França, 1983, cor, 35mm, 72’



A jovem Maria ajuda o pai num posto de gasolina, namora um motorista de táxi e joga basquete. Virgem, ela descobre estar grávida. Um homem a informa de que ela espera o filho de Deus. Releitura provocativa do arquétipo da mãe de Jesus. Godard discute sagrado e profano, desejo e fé e corpo e espírito.

Na obra de Godard, os trabalhos da década de 1980 se caracterizam pelo retorno do cineasta a filmes de dramaturgia e personagem, relativamente distantes dos filmes políticos e ensaísticos dos anos 70 e também muito diferentes das estripulias formais e estilísticas dos 60. Se há o retorno à ficção e à presença de atores em interpretações brechtianas, a renovação se dá na maneira como Godard trabalha os planos, as atmosferas, a banda sonora e especialmente as abordagens. Je vous salue, Marie está no meio dessas novas experimentações, tendo sido lançado depois de Salve-se quem puder (A vida) (1979), Passion (1982) e Carmen (1982); e antes de Detetive (1984) e Rei Lear (1987). Eis um grupo único de filmes, que partem de conceitos decodificáveis (mitos da Bíblia, Shakespeare ou Bizet, gêneros como a comédia e o policial noir), porém apresentados fora de qualquer roupagem que os aprisione em elementos prontamente estabelecidos. Menos pela força expressiva e muito mais pelas controvérsias com a Igreja e políticos conservadores, Je vous salue, Marie é o mais conhecido do conjunto. Sua complexidade, porém, vai muito além das polêmicas gratuitas: Godard surge em plena forma, fissurando a ficção ao negar um registro hagiográfico à figura bíblica do título e propor questionamentos sobre espiritualidade, crença e as próprias escolhas estruturais do filme.
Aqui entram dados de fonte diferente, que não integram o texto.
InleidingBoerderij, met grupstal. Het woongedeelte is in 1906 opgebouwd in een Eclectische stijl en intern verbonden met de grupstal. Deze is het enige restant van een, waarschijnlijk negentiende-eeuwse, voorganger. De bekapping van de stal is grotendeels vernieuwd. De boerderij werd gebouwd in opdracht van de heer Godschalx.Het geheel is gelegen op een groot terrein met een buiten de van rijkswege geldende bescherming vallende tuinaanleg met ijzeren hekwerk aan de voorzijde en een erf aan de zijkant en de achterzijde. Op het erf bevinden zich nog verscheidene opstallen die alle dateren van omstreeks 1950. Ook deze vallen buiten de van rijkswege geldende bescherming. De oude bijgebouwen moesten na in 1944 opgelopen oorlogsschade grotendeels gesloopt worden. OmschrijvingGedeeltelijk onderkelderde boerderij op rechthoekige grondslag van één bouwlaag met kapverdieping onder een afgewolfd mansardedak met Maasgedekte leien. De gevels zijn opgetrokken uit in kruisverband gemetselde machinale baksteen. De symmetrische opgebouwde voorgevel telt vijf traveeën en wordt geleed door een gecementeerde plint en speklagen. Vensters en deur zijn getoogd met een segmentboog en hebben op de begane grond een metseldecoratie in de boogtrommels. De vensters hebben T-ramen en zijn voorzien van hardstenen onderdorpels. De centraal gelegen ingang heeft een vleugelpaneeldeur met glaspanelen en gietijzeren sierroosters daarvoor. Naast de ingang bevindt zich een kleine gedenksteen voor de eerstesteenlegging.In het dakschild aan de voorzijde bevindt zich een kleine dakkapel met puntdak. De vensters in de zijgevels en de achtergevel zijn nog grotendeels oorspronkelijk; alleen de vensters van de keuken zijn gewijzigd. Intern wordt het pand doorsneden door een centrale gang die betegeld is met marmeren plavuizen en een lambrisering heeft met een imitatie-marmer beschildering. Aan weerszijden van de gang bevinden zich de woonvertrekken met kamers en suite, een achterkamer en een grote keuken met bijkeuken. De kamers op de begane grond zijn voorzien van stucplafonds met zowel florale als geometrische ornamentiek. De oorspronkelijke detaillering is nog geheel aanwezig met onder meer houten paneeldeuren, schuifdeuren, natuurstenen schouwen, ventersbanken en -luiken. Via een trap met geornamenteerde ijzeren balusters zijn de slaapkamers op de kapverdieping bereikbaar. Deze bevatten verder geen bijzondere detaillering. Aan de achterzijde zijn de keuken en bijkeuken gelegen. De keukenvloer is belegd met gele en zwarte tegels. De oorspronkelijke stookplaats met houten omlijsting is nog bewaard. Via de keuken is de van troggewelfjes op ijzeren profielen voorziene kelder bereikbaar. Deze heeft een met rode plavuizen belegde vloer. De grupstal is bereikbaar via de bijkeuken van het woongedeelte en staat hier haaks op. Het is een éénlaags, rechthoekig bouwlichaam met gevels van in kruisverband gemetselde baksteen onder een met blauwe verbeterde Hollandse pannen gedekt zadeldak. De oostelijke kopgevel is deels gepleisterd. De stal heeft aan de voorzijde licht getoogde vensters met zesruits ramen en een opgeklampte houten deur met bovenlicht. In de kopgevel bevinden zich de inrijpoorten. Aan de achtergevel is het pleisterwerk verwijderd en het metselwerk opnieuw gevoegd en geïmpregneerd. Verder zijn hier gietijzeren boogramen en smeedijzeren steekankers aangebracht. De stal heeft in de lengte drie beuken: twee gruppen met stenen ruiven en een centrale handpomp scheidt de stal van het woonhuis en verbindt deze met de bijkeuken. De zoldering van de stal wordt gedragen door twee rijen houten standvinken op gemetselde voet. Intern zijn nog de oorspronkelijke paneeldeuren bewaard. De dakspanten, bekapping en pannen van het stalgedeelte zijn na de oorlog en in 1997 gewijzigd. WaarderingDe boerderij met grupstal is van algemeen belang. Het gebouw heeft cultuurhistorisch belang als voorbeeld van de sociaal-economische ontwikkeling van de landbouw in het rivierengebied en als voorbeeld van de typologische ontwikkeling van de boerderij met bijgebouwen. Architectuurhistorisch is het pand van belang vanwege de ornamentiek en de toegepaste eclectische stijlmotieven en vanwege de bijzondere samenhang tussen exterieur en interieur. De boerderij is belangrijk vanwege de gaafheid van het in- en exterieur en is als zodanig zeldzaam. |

Je vous salue, Marie parte do arquétipo da mãe de Jesus para trazer ao contemporâneo questões e situações que se relacionam com esse mesmo contemporâneo. O uso recorrente da cartela “En ce temps là” (“Naquele tempo...”) situa o filme num passado indeterminado que é, na verdade, o próprio presente no qual a ação se desenrola. Somente na última fala, quando o anjo Gabriel faz a saudação (“Ave, Maria!”), é que o filme abertamente se conjuga ao mito que o inspirou. Antes disso, todo o tratamento está no corpo e na carne, no sacrifício e na dor, na incompreensão e na resignação: duplos universais, trazidos à baila como instantes ordinários do cotidiano de trabalhadores em alguma periferia da França. Neste filme Godard se aproxima, a partir do corpo da protagonista (Myriem Roussel) e de imagens de esmerada construção, de conceitos de Hannah Arendt para espírito (“o discurso metafórico conceitual, adequado para a atividade do pensamento”) e alma (“em sua enorme intensidade, muito melhor expressa num olhar, num som, num gesto, do que num discurso”). A guerra entre razão e emoção é tanto um clichê quanto uma constatação, na medida em que o cineasta problematiza os fundamentos do choque utilizando planos que mostram Roussel em espasmos e movimentos descontrolados, como se seu corpo não coubesse no quadro e precisasse extrapolar os limites impostos pelo cenário e pela câmera. “O que forma uma alma é sua dor. Eu sou uma alma prisioneira de um corpo”, sussurra ela em off. Os espasmos aparecem na tela enquanto são ouvidos, fora de campo, sons de pássaros, vento e chuva, como se natureza gritasse com o desespero do corpo – ou o corpo fosse, ele mesmo, a natureza a gritar.

Entre a gravidez num corpo virgem (ecos do sagrado) e a nudez e o prazer interrompido (sombras do profano), o filme dá a ver a força de uma Maria que tanto renega quanto assume o destino de dar à luz ao filho de Deus. A religiosidade está nos gestos e na poética do filme, nos planos de céu azul e nos contra-plongées de rostos recortados pelas nuvens e especialmente no corpo sacralizado de Maria: profanado pelo desejo de José e exposto pela câmera de Godard ao vislumbre voyeurista do espectador, esse corpo deve ser protegido (a pancadas, se necessário) pelo anjo Gabriel. A disjunção entre corpo e desejo mantém a presença, a postura e os movimentos de Maria no âmbito do sagrado, enquanto o filme como objeto de criação transita pelo profano por meio do enquadramento das cenas e dos movimentos e da nudez de Myriem Roussel.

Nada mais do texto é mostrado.